[[ Provided data, beginning ]]
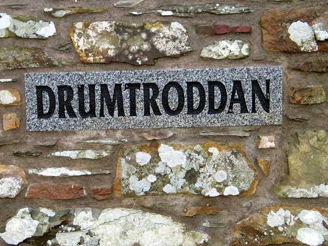 Drumtroddan Sign at Farmstead Entrance to Cup and Ring Marks, Dumfries and Galloway, Scotland (J. Demetrescu 2006)
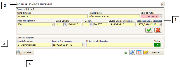 Observação: Quando há solicitações de liberação pendentes de aprovação, um ícone (1) será exibido no rodapé da tela principal do sistema. Ao clicar nesse ícone, a tela de liberação será automaticamente aberta.
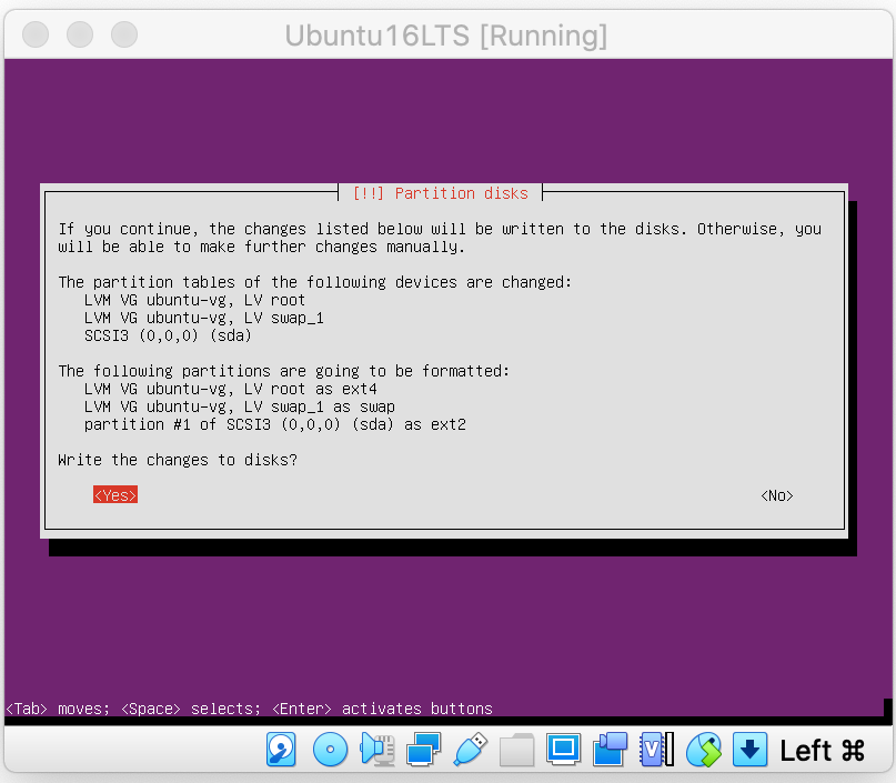 The screen after it will require you to select “Yes” to write the changes to the disk. The default is “No,” so you can’t just blindly continue.
[[ Provided data, end ]]
Required action: The whole listing should be restated word for word, with no pictures.

Answer for this exercise:
 Drumtroddan Sign at Farmstead Entrance to Cup and Ring Marks, Dumfries and Galloway, Scotland (J. Demetrescu 2006)
 Observação: Quando há solicitações de liberação pendentes de aprovação, um ícone (1) será exibido no rodapé da tela principal do sistema. Ao clicar nesse ícone, a tela de liberação será automaticamente aberta.
 The screen after it will require you to select “Yes” to write the changes to the disk. The default is “No,” so you can’t just blindly continue.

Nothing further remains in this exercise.